▶ **PROBLEM STATEMENT**: From the material below, copy exactly the lines beginning with the one that contains "荣耀 MagicBook Pro" and ending with the one that contains "ボリュームのあるショールカラ"; the pictures stay out.

*** INFORMATION SHOWN Section Begins ***

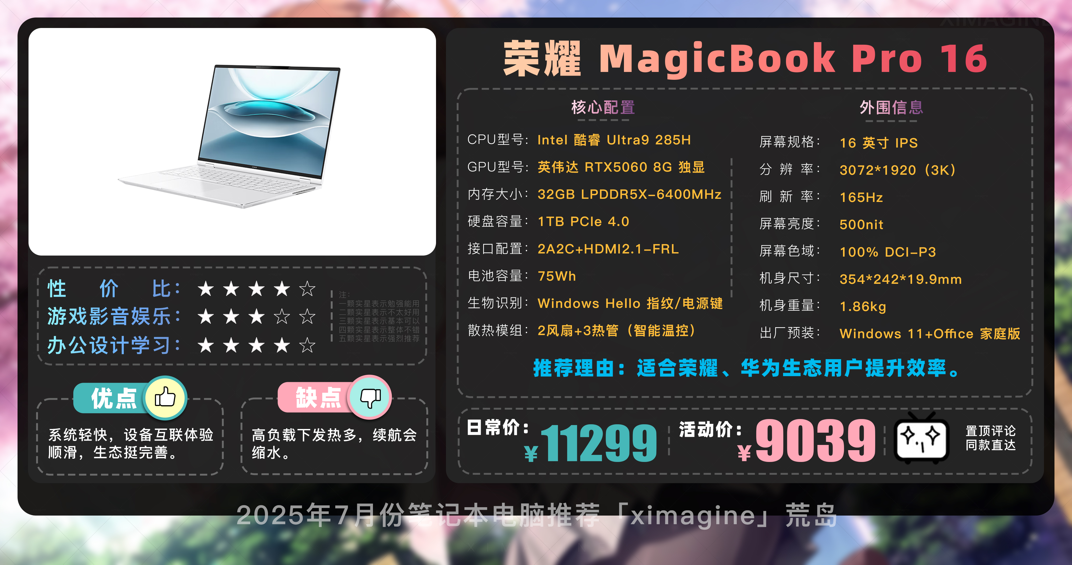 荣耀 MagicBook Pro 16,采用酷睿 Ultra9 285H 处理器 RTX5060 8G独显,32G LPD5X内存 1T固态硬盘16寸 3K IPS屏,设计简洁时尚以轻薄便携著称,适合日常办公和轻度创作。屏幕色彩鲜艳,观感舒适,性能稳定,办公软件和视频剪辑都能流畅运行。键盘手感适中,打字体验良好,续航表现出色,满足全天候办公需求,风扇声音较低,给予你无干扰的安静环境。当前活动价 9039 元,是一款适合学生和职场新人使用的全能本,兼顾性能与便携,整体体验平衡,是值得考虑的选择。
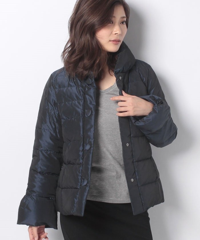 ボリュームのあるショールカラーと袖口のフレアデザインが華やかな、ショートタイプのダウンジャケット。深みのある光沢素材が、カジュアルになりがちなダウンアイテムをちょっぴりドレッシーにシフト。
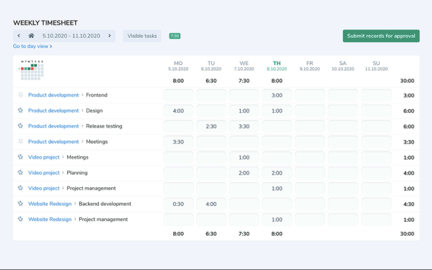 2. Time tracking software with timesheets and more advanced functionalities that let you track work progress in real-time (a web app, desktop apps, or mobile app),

*** INFORMATION SHOWN Section Ends ***
*** INFORMATION SHOWN Section Begins ***

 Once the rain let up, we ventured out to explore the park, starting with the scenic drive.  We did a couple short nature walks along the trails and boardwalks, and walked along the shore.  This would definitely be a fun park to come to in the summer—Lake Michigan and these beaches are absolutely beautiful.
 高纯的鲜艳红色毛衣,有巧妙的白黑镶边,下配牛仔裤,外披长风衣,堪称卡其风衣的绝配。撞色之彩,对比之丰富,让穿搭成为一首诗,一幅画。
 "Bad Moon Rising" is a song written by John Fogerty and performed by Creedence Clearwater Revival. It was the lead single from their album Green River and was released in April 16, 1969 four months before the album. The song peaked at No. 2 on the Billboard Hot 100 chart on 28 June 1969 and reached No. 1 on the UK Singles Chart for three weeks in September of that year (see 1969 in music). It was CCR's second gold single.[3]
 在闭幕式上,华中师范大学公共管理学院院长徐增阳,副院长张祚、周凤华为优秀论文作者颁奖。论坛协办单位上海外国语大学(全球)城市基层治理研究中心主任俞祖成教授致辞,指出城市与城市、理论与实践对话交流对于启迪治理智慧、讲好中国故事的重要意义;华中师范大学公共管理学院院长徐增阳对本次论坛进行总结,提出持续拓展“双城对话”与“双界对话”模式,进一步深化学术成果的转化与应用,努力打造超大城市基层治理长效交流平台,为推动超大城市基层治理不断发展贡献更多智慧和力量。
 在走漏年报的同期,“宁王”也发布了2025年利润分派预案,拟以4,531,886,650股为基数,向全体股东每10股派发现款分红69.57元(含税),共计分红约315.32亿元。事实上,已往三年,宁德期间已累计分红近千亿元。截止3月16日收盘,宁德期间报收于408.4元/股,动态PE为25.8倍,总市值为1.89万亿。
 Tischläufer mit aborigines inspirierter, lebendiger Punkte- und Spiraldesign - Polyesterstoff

*** INFORMATION SHOWN Section Ends ***
*** INFORMATION SHOWN Section Begins ***

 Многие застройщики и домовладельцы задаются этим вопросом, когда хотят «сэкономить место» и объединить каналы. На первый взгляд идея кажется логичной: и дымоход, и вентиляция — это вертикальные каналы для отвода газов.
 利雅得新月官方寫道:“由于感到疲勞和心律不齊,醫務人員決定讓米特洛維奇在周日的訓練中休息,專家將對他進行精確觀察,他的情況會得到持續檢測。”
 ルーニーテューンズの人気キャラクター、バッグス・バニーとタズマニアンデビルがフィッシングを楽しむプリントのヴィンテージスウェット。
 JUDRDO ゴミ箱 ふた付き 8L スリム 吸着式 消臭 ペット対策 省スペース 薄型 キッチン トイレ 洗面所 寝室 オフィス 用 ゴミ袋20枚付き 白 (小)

*** INFORMATION SHOWN Section Ends ***

▶ **ANSWER TO THIS PROBLEM**:
 荣耀 MagicBook Pro 16,采用酷睿 Ultra9 285H 处理器 RTX5060 8G独显,32G LPD5X内存 1T固态硬盘16寸 3K IPS屏,设计简洁时尚以轻薄便携著称,适合日常办公和轻度创作。屏幕色彩鲜艳,观感舒适,性能稳定,办公软件和视频剪辑都能流畅运行。键盘手感适中,打字体验良好,续航表现出色,满足全天候办公需求,风扇声音较低,给予你无干扰的安静环境。当前活动价 9039 元,是一款适合学生和职场新人使用的全能本,兼顾性能与便携,整体体验平衡,是值得考虑的选择。
 ボリュームのあるショールカラーと袖口のフレアデザインが華やかな、ショートタイプのダウンジャケット。深みのある光沢素材が、カジュアルになりがちなダウンアイテムをちょっぴりドレッシーにシフト。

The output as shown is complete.